A: Refer to the “Creating and Configuring SCWS Dictionaries” section above. Use the scws-gen-dict tool to convert your plain text dictionary to xdb format, then load it into your PHP code using the add_dict() method.
Q: What is the SCWS rules file (rules.utf8.ini) for?
A: The rules file is mainly used for part-of-speech tagging and handling specialized segmentation rules. ServBay provides a default rules file, which should suffice for most uses.
Conclusion
ServBay provides developers with an effortless way to enable and manage the SCWS PHP Chinese text segmentation module. Whether you prefer the intuitive graphical UI or flexible manual configuration, SCWS can be seamlessly integrated into your PHP development workflow.

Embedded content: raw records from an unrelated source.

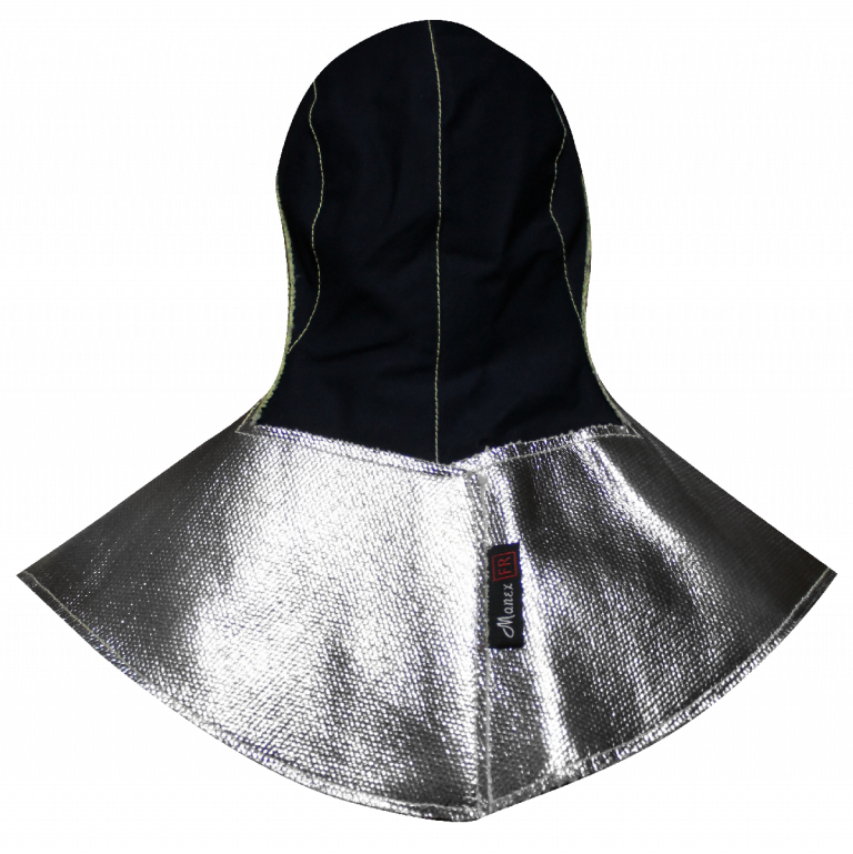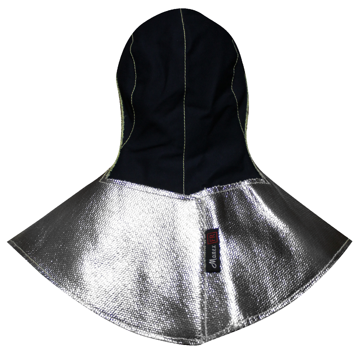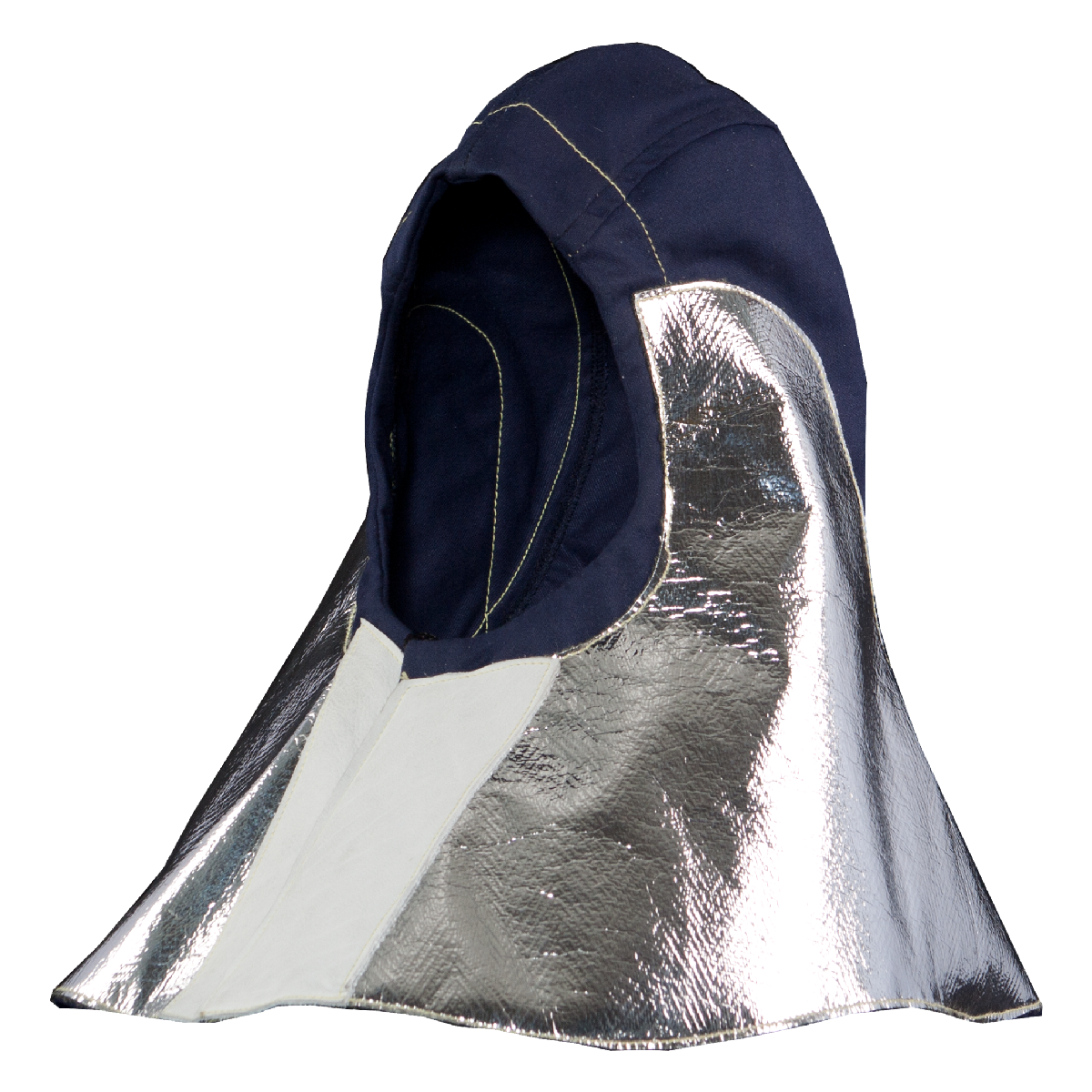 Capuchón sangrador en tela retardante a la llama con refuerzo aluminizado. Brinda protección contra el calor radiante, chispas y los peligros de salpicaduras de metal fundido.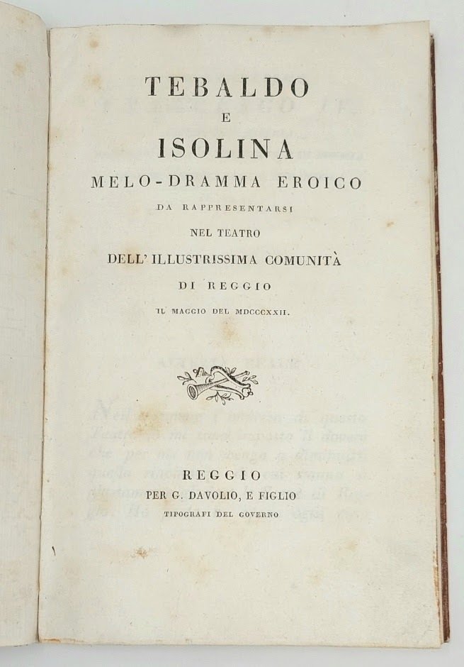 TEBALDO E ISOLINA - melo-dramma eroico da rappresentarsi nel teatro dell'illustrissima comunità di Reggio il maggio MDCCCXXII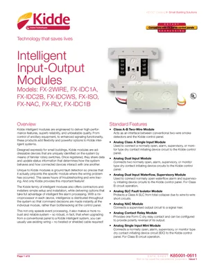 Datasheet for the Kidde Intelligent Input-Output Modules, published in 2018. Document No: K85001-0611, Rev: Issue 1. 8 models including FX-2WIRE, FX-IDC1A, FX-IDC2B and 5 additional variants. Engineering specifications, wiring diagrams, and mounting dimensions.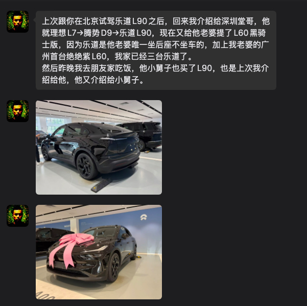 我的客座摄影师兼好兄弟,去年陪我去喜鹊梁拍了乐道L90之后,自己买了乐道L60给他老婆,他推荐他堂哥买了从理想L7和腾势D9换成了乐道L90,现在堂嫂买了L60黑骑士版,因为乐道是她唯一坐后座不晕车的车。加上他自己的广州首台绝绝紫L60,全家已经三台乐道了。最近他又推荐朋友买了另一台L90,看来他很适合做乐道销售,沈博你觉得呢?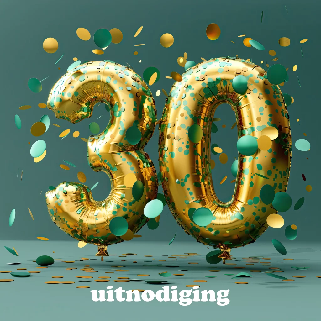 Uitnodiging verjaardag 30 jaar ballonnen goud en confetti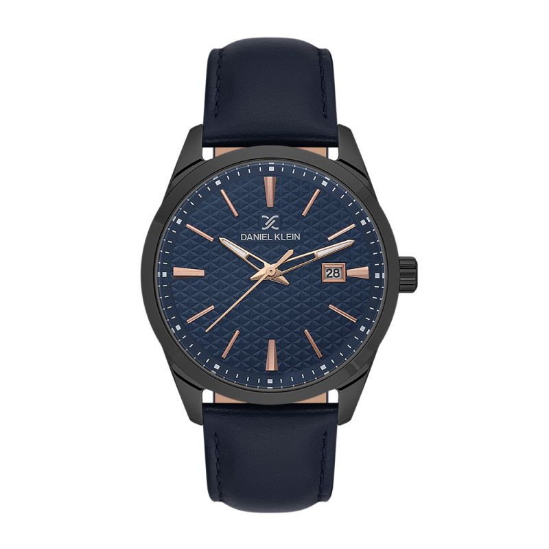 Мъжки часовник Daniel Klein с класически дизайн от колекцията Premium. Аналогов дисплей с интересна основа и показател за дата. Стъкло минерал-кристал. Корпус изработен от метал. Каишка от естествена кожа в тъмносин цвят. Диаметър на корпуса 42 мм. Часовникът се задвижва от кварцов механизъм. Водоустойчивост 5 ATM - допускат се леки пръски и взимане на душ, не се препоръчва обилно мокрене.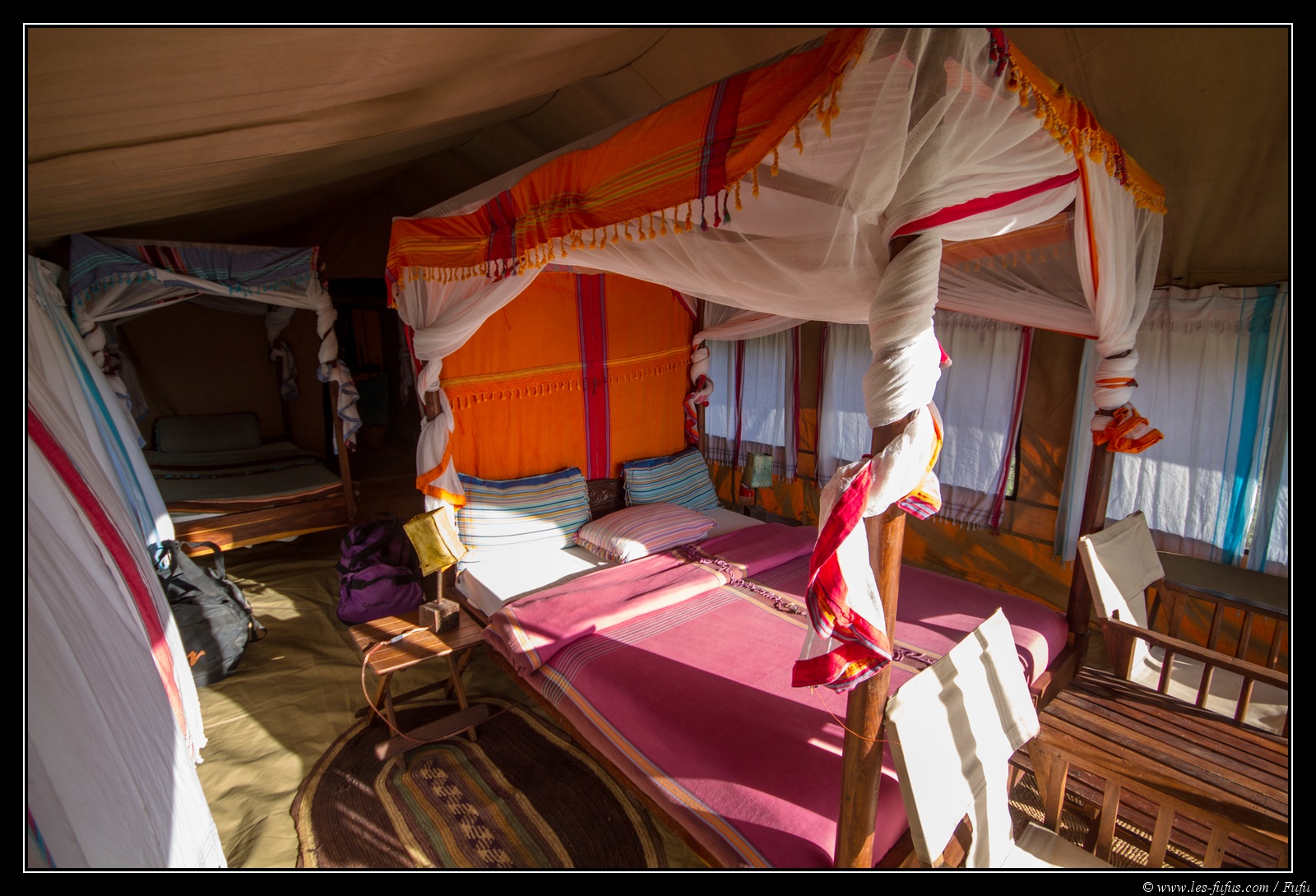 On revient au campement vers 14-15h pour notre déjeuner. Puis nous déciderons de se reposer au soleil le reste de l’après-midi. On est rassasié en animaux.
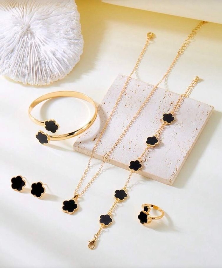 Altın rengi ve siyah çiçekli boncuk detaylı bileklik, kolye, küpe ve yüzük içeren minimalist kadın takı seti, günlük kullanım için uygundur.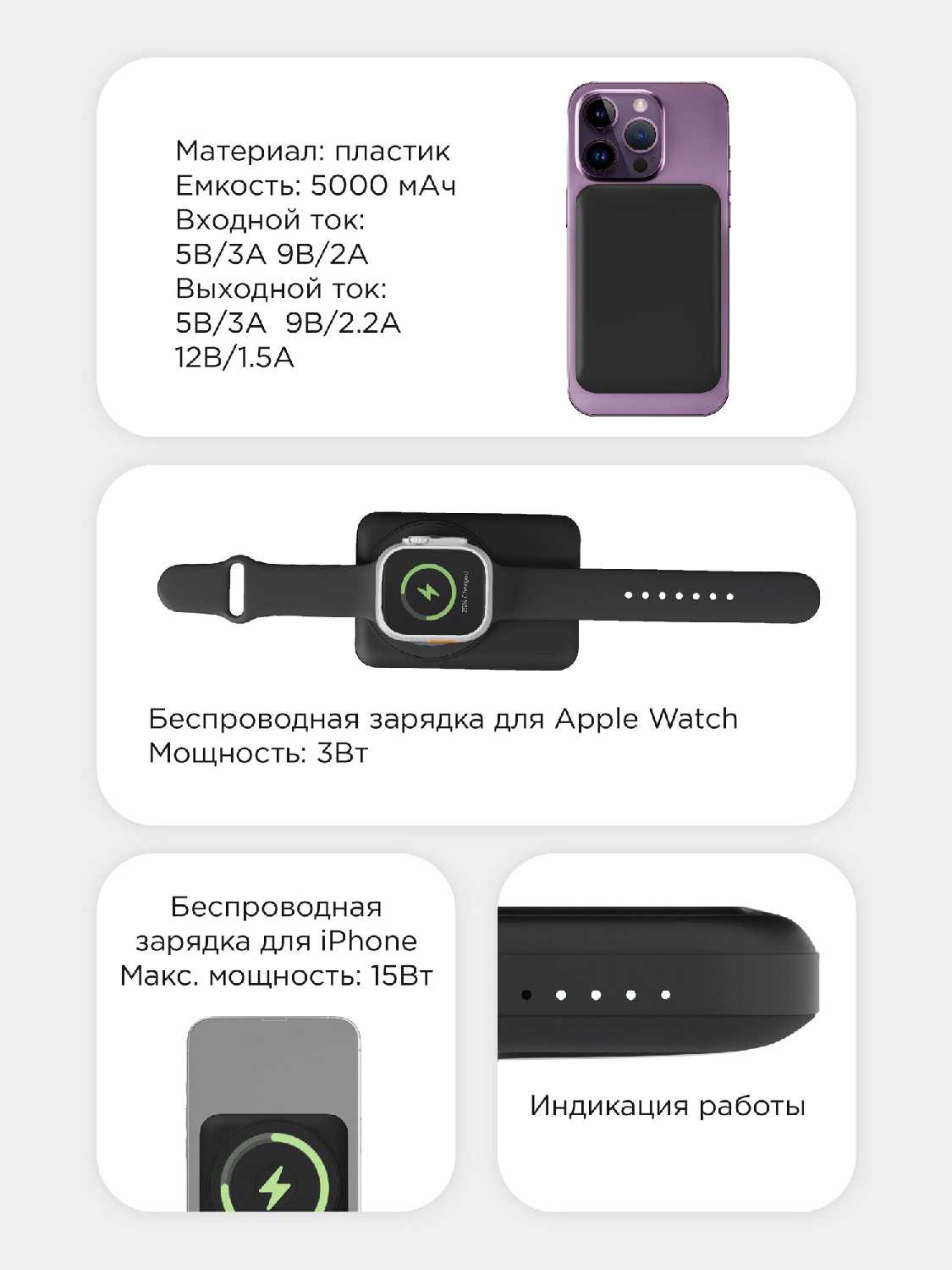 Заряжает айфон 15 про , одну полную зарядку при полном разряде. Удобен, не тяжелый. Практично что есть разъём для провода и тем самым подходит не только для маг сейф. Не много нагревается , не критично , думаю без этого момента , стоимость будет в разы выше . Рекомендую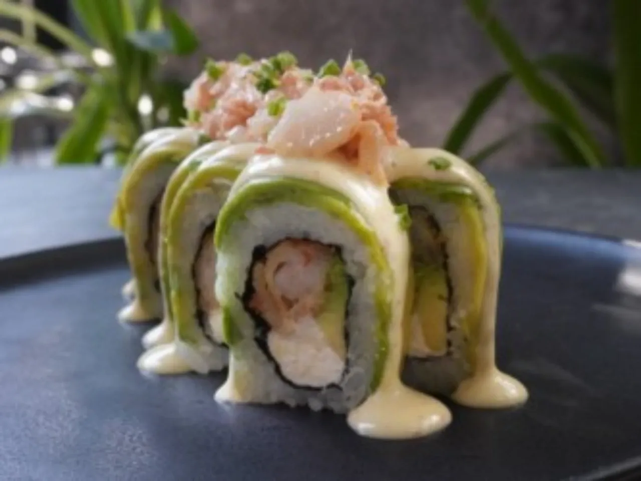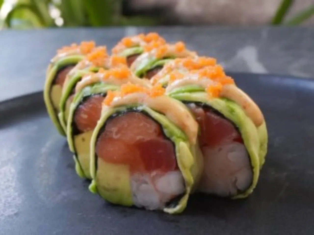 Salmón, camarón, atún y palta, envuelto en palta, salsa spicy, masago y un toque de shichimi togarashi.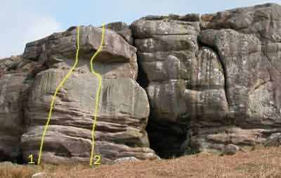 The crag is in two sections - The Right has 3 pillars, the Left is split by a large cave with a Diff/VD thrutch coming out of it.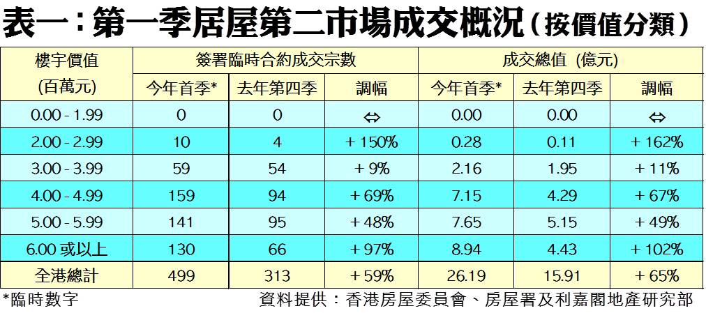 按物業價值劃分(見表一),價值600萬元以上的「貴價」組別,成交宗數按季急升97%至130宗買賣,涉及總值8.94億元。至於交投量最活躍的價值400萬元至499萬元組別,錄得159宗買賣個案,涉及7.15億元,量值按季分別增加69%及67%。若按屋苑劃分(見表二),天水圍天頌苑為首季最熱賣屋苑,共錄24宗買賣,按季增加118%,而涉及成交總值約1.29億元,按季增加180%。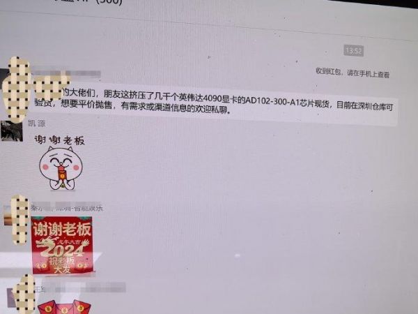 昨天在群里看到有人发这样一条消息,有朋友手里积压了几千个英伟达AD102-300-A1的芯片,希望平价出货。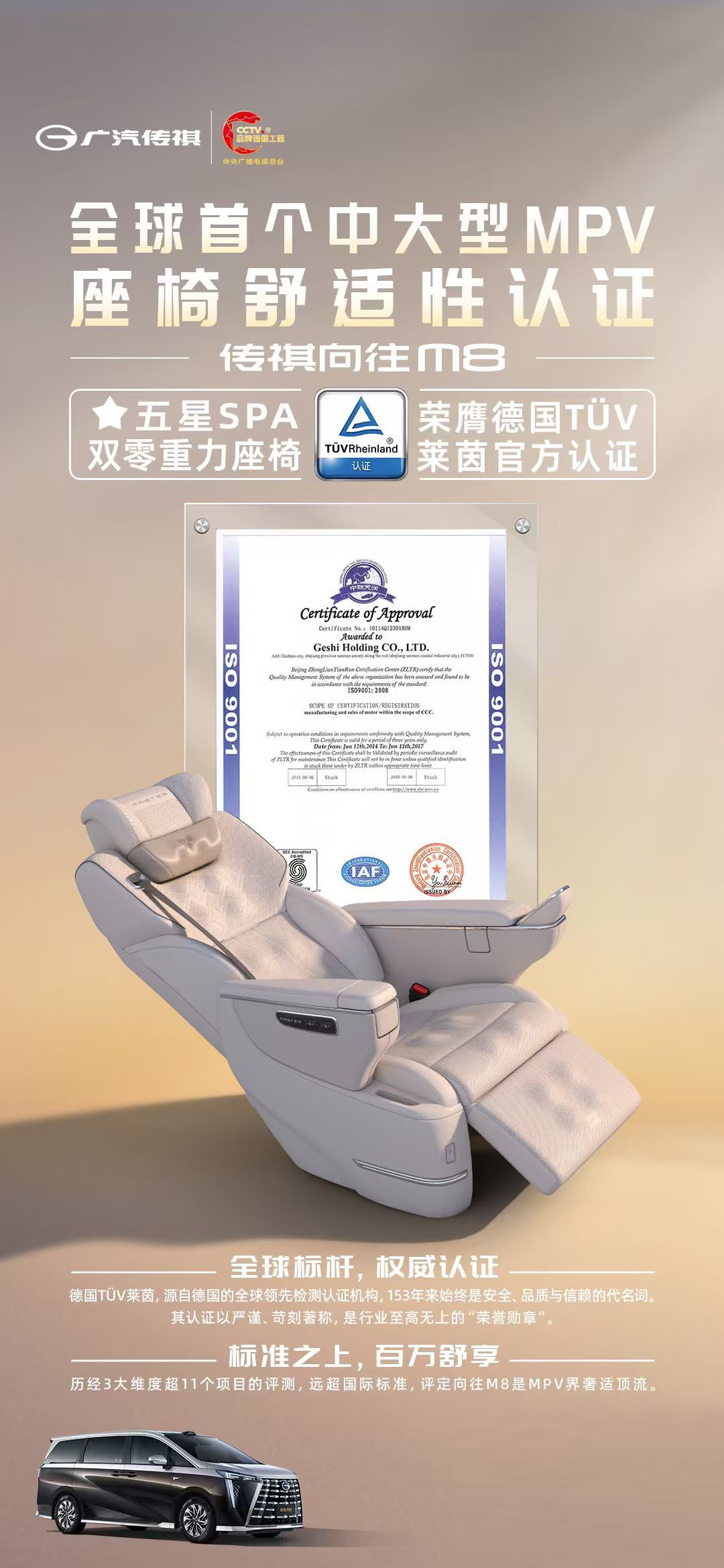 星级按摩搭配7大部位270度环抱加热,以及同级唯一的石墨烯加热颈枕,无论通勤或远行,传祺向往M8乾崑随时随地都能给用户带来一场从头到脚、由外至内的舒压SPA。所言非虚,这套座椅凭借奢适体验不久前就获得了德国莱茵TüV权威认证,以远超国际标准的成绩,成为全球首个中大型MPV座椅舒适性标杆。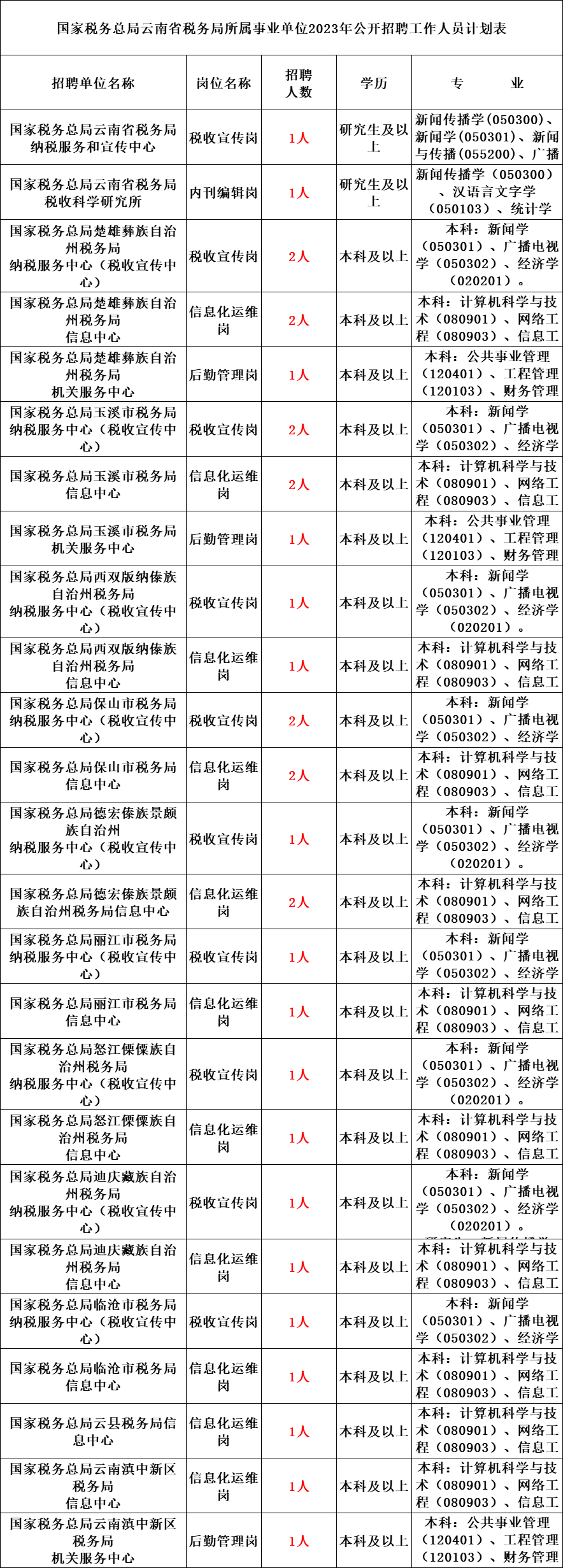 具体招聘岗位及要求见附表《国家税务总局云南省税务局所属事业单位2023年公开招聘工作人员计划表》。

With the SCWS tools and default dictionary pre-installed, you can quickly get started and leverage SCWS’s high efficiency and accuracy in Chinese text processing—perfect for web applications like search and content analysis. As part of ServBay’s rich software package ecosystem, SCWS integration further enhances ServBay’s completeness and utility as a local development environment.